Australian small businesses are currently weathering the storm from the Middle East crisis and back-to-back rate hikes, but experts warn the worst is yet to come.

Fresh figures by accounting software provider Xero shows Australian small businesses continued their strong momentum, with a 7.2 per cent year-on-year increase in sales for the first quarter of 2026.

This is roughly in line with the longer term average of 7.9 per cent quarterly growth.

Surprisingly in the month of March sales momentum accelerated up 10.9 year-on-year, despite it being the month when fuel prices jumped due to the US/Israel and Iran conflict.

According to the ABS, transport prices added 9.2 per cent to costs, primarily due to a 32.8 per cent surge in monthly automotive fuel prices.

Before the start of the war on February 28, about a fifth of the world’s oil and gas supply was shipped through the Strait of Hormuz, but various blockages sent the price of fuel skyward.

At the same time, these businesses received a secondary blow, as the Reserve Bank of Australia lifted interest rates twice in the quarter by a total of 50 basis points, taking the cash rate to 4.10 per cent.

Xero economist Louise Southall told NewsWire March’s spending data followed a strong lead in at the end of 2025.

“Certainly the picture at the moment is small businesses have made a solid start to the year,” she said.

“For the first four weeks (since the conflict started) people are still spending in small businesses. There still seems to be a bit left over after they fuel up their car, which is great news.”

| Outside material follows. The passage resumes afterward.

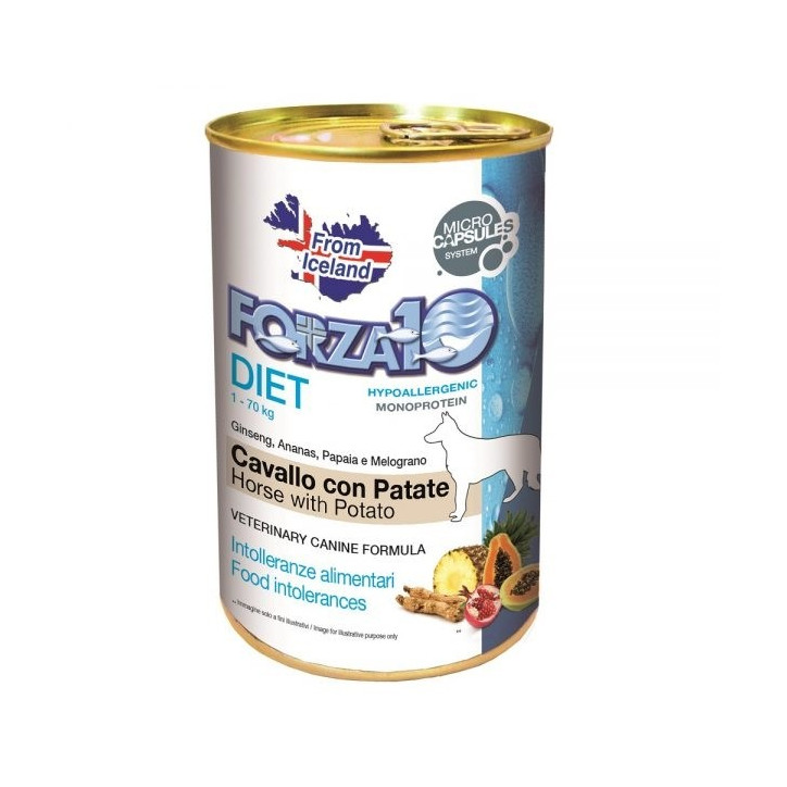 FORZA10Diätpferd mit Kartoffelnist eine monoproteinische Diät mit alternativem Fleisch der von SANY . untersuchten DiätlinieHaustierintegriert mit innovativen Mikrokapseln, indiziert zur Reduzierung von Nahrungsmittelunverträglichkeiten.

Despite the strong start to start, Ms Southall warns there is still so much uncertainty due to the Middle East crisis.

“People sometimes miss small businesses cop a double blow from an inflation spike – in this case a fuel price spike – because they get hit on both the cost side and also the demand side,” she said.

Despite the strong start to the quarter, Ms Southwall is also flagging the transport and logistics industries have been impacted, which could flow through to other parts of the economy. .

“We can see that small businesses that provide passenger and freight services have already been impacted by higher fuel prices,” she said.

“We are now watching closely to see if and how this inflationary impact bleeds into small businesses providing other goods and services in the coming months and how higher prices could affect overall business activity.”

Xero – who based the results on real anonymised and aggregated spending data and monitored ABS statistics – says much of the growth was in construction, healthcare and financial services.

“Construction has been a sector that gathered momentum last year into this year due to government policies at both state and federal levels are really focusing on improving housing supply,” she said.

“Looking ahead, they can be heavily impacted by the second round of the fuel price spikes, so we will have to see how higher interest rates play out on the demand side and how that interacts with supportive supply side policies in that sector.”

Meanwhile, the healthcare sector has mainly been driven by the National Insurance and Disability Scheme (NDIS).

Ms Southall said Australian small businesses have fared better to the initial oil price crisis, continuing a strong run for locals over other countries including the US, UK, Canada and New Zealand.

“Australia didn’t rate interest rates as much as other countries did, so as a result of this we didn’t have the same economic slow down as say New Zealand has had.

“Also if we look at somewhere like Canada, they are heavily impacted by US trade policy, which we have been protected from.”